Finding himself in Hollywood, this story starts out with Stewart Hoag, or ‘Hoagy’ for short, along with his basset hound Lulu, ghosting the memoirs of one ex-funnyman Sonny Day. Looking to get back into the limelight, Day is hoping to make a resurgence after his glory days in the fifties as one half of the comedy double act ‘Knight and Day’. It is his hope that this book will get him what he wants, as he aims to ‘tell all’, and reinvent his name with the help of Hoagy’s witty prose. That’s when a killer a strikes, as someone clearly doesn’t want the book being published, with all signs pointing to Hoagy after a corpse is discovered.
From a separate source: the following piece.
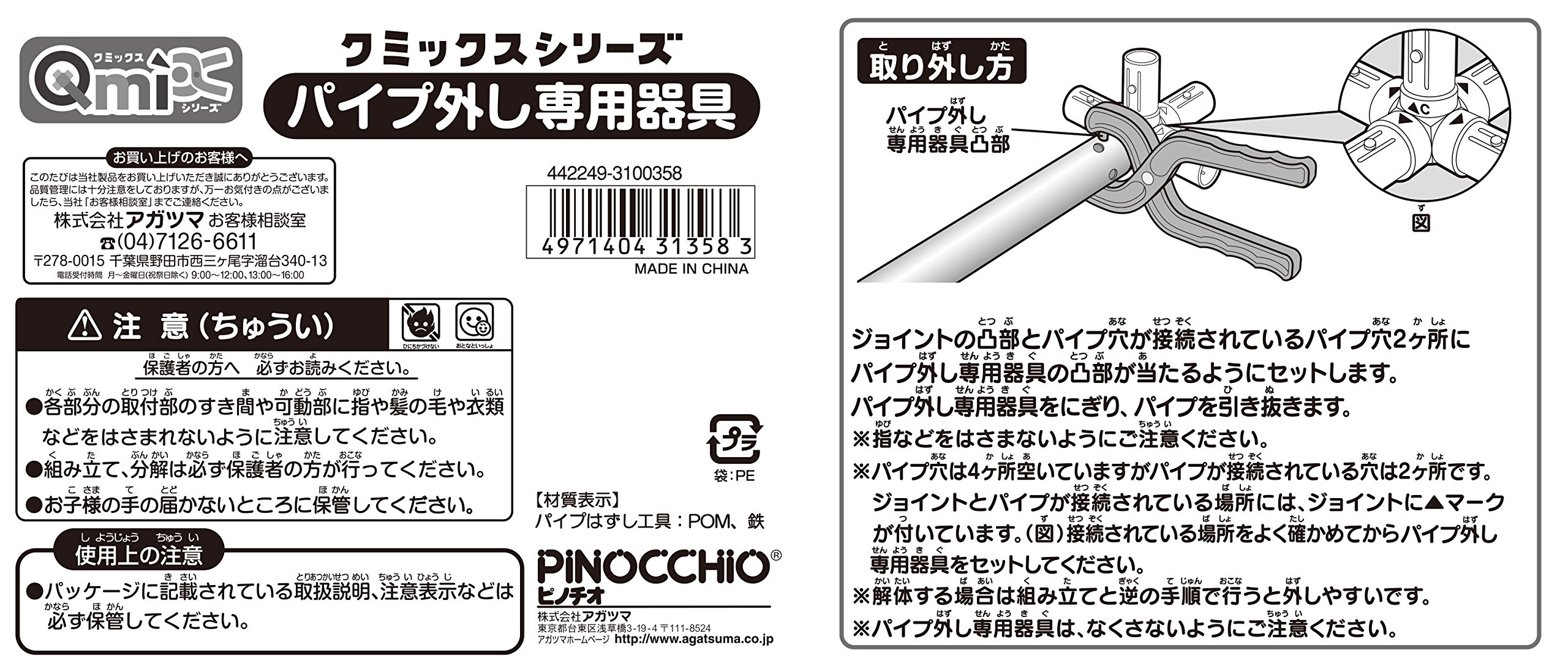 ● "Cumix series" This item is sold separately for "detached pipe exclusive instrument" of play equipment.

Will he be able to clear his name and tell the story that needs telling? Can he find out who the real killer is before they strike again? What really became of the man who died laughing?

The Man Who Lived by Night

Initially released in 1989, this was first brought out on the 1st of March just over one year after the release of the first title, as it makes up the second title in the ongoing ‘Stewart Hoag and Lulu’ series of novels. Developing the characters and premise from before, this takes everything in a new and interesting direction, whilst simultaneously remaining true to the original throughout. Keeping the reader guessing right until the very last page, it holds a murder mystery that is intricately woven combining a number of exciting elements.

This time Stewart Hoag heads to England in order to meet the famous rock star Tristram Scarr on his huge estate there. It is here that he finds that Tristram is nocturnal, whilst also confining himself to the estate having never left it over the past ten years. After not getting much from Scarr himself, Hoagy goes on to interview the other band members, soon discovering that Scarr actually believes that their bassist was killed on-stage. This then leads Hoagy to undertake research for the book in order to find out what actually happened there, with plenty of suspects to interview. Will he be able to find the real killer and the truth behind what actually happened? Can he find out why the bassist was killed and the what the motivations were? What is the real truth behind the man who lived by night?

The Stewart Hoag & Lulu Series

As a series, this works because it really knows what it wants to do with the format right from the very beginning, taking it in new and interesting directions. Using a lot of tropes that are atypical to the cozy mystery genre, it definitely manages to make them unique, Handler creates something that is entirely distinctive to him. Creating characters that resonate with their audience, this manages to build a genuine sense of rapport with the reader as the series progresses too. Not showing signs of stopping any time soon either, this is definitely a series that will grow from strength-to-strength for many years to follow yet.